常歌拍着那个猪头对佳佳说:“这个真像你。”
佳佳也毫不示弱,对着哆啦A梦的脸踢了一脚,说:“这个是你。”
最近这段时间一直都是小肚子的奶奶送他来上幼儿园,今天来的却是小肚子的妈妈。
从上次开车送小肚子回家之后,常歌就一直没见过小肚子的妈妈,心里总感觉对她挺过意不去的。最近要处理的事情比较多,常歌也就没工夫去想这件事,今天一看到小肚子的妈妈,常歌的脸顿时就红了。但是小肚子的妈妈好像一点儿都没放在心上,看到站在台阶上的常歌就展颜一笑,完全看不出有一点怨恨常歌的样子。
常歌只好也尴尬的报以一笑,笑的非常不自在,脸上的肌肉都开始抽筋了。
小肚子“冲啊……”一声丢下了他妈妈就杀进了幼儿园,然后跟着卫生巾上二楼去了。常歌站在台阶上面对着站在台阶下的小肚子的妈妈,总觉得手放在哪里都不合适,只好去摸鼻子。

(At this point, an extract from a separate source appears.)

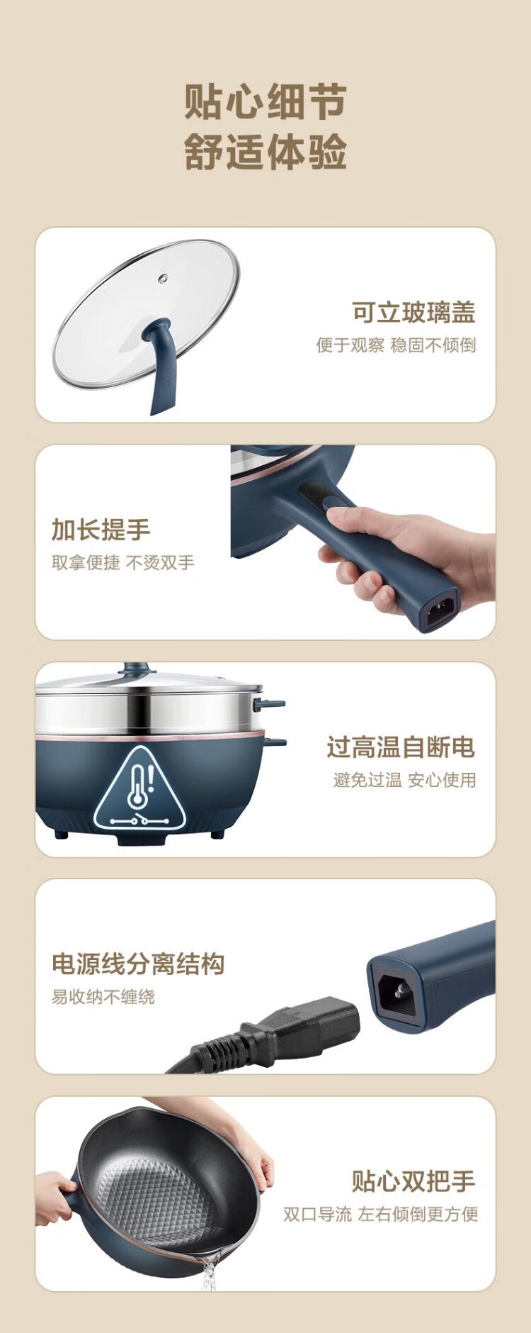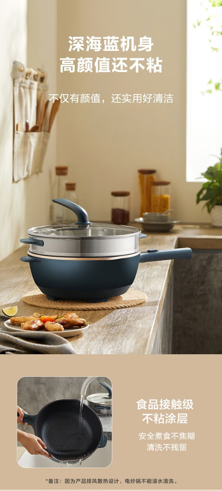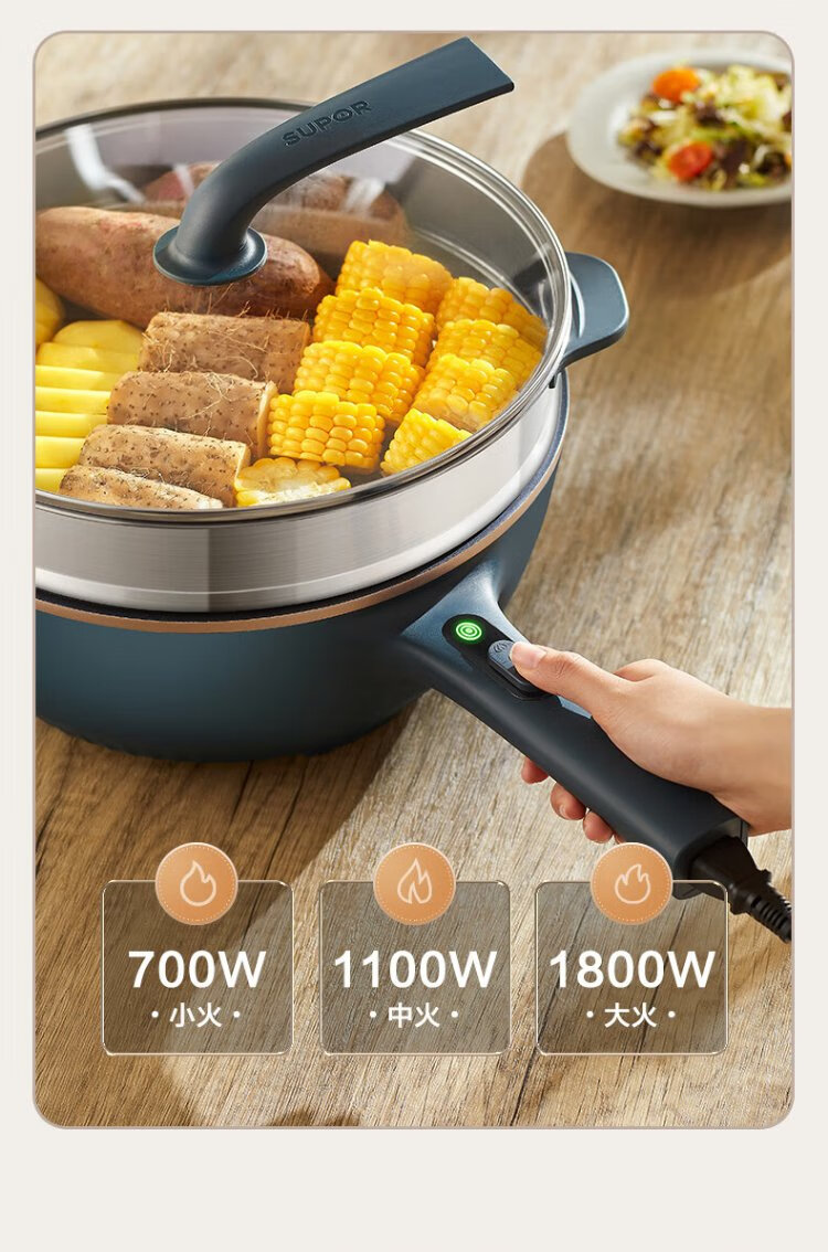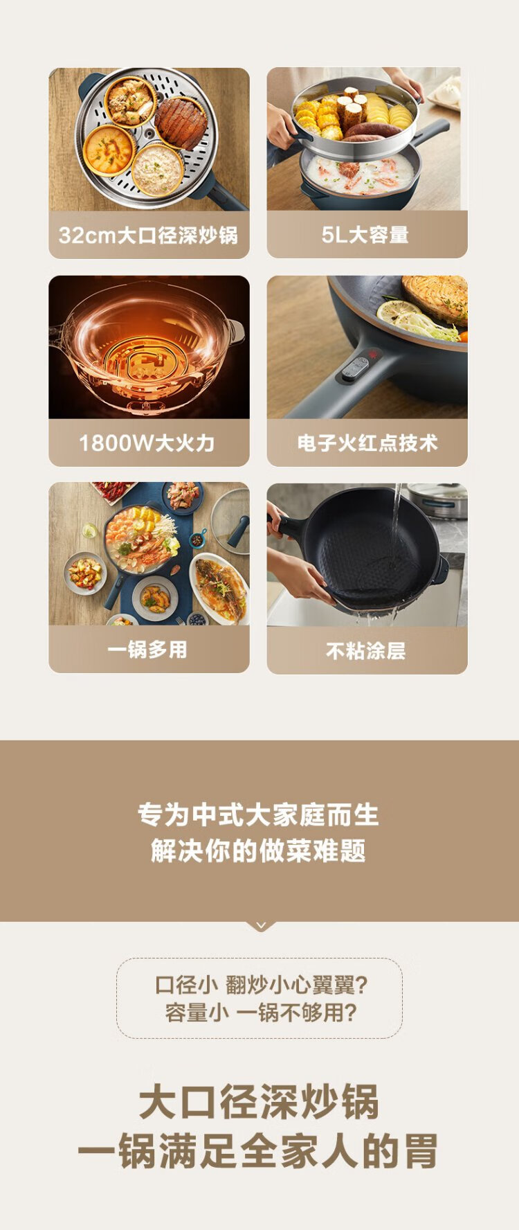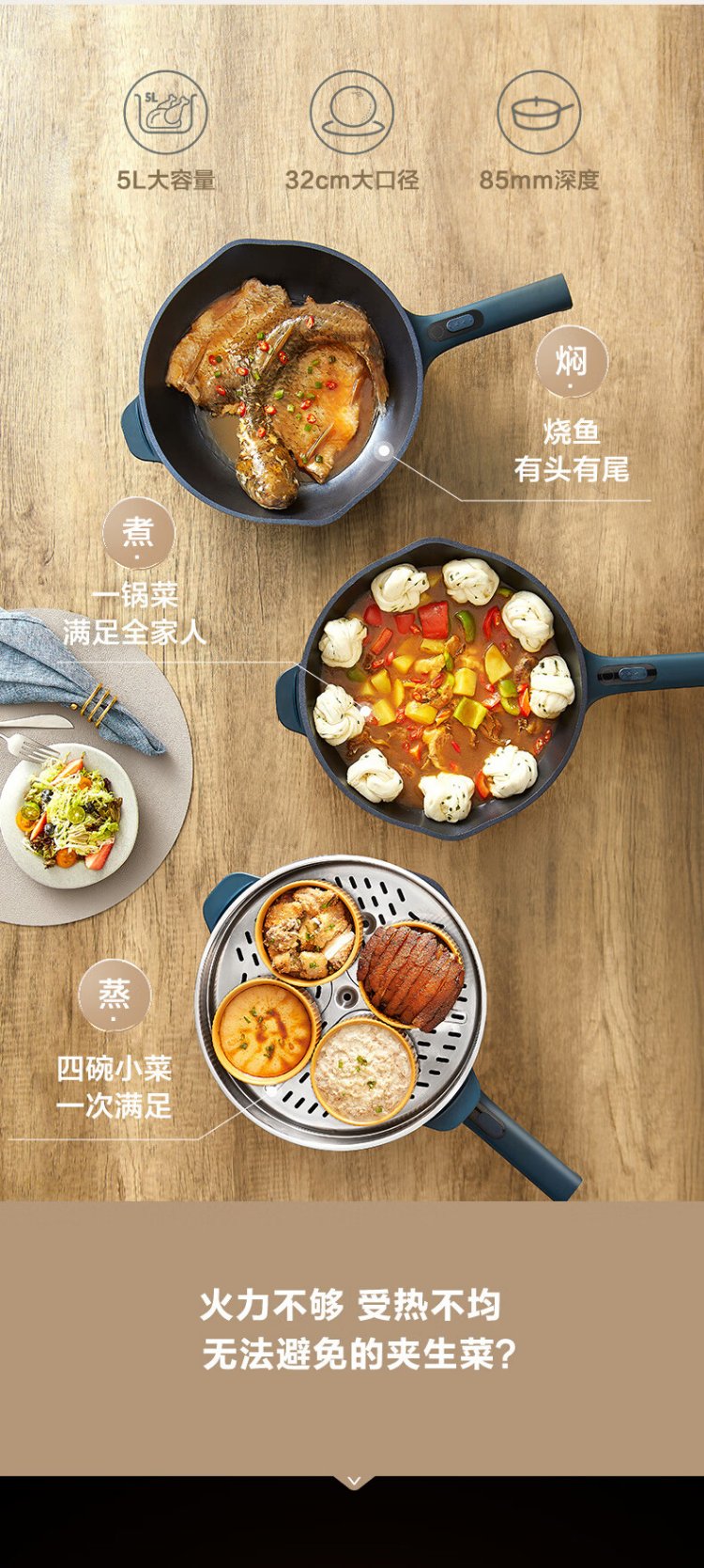 SUPOR electric wok, electric hot pot, electric cooking pot, electric steamer, household multi-function, steaming and cooking, smart red dot, non-stick multi-purpose pot CJ32A825-220 with steamer

小肚子的妈妈今天穿了一件黄色的短大衣,显得两条腿格外的长。因为穿的衣服厚了,玲珑有致的身材不像夏天的时候那样瘦,反而更有韵味。白皙的脸庞因为受了冻显得愈发白了,小痘痘反而不怎么明显了,眼睑下面又被风吹的红润润的,更加显得楚楚动人。
常歌手也不知道该往哪里放,眼睛也不知道该往哪里看,早上写歌时的灵感早就在刚刚小肚子妈妈的一笑中消散的无影无踪了。就在常歌感觉好像憋了两小时还没找到厕所的时候,小肚子的妈妈说话了:“最近我怎么没看到你啊?”
明明是我没看到你好吧?我天天都在这里,你没看到我是因为你根本没来。常歌心里这样想的但是嘴上却没有这么说:“我最近事情比较多,早晨基本上都不在这里……”
“是吗?”小肚子的妈妈饶有兴致的看着常歌脸上的肌肉在抽筋。
常歌连“是的”也说不出来了,使劲的想让表情放松下来,但是越使劲脸上的肉抖的反而越厉害。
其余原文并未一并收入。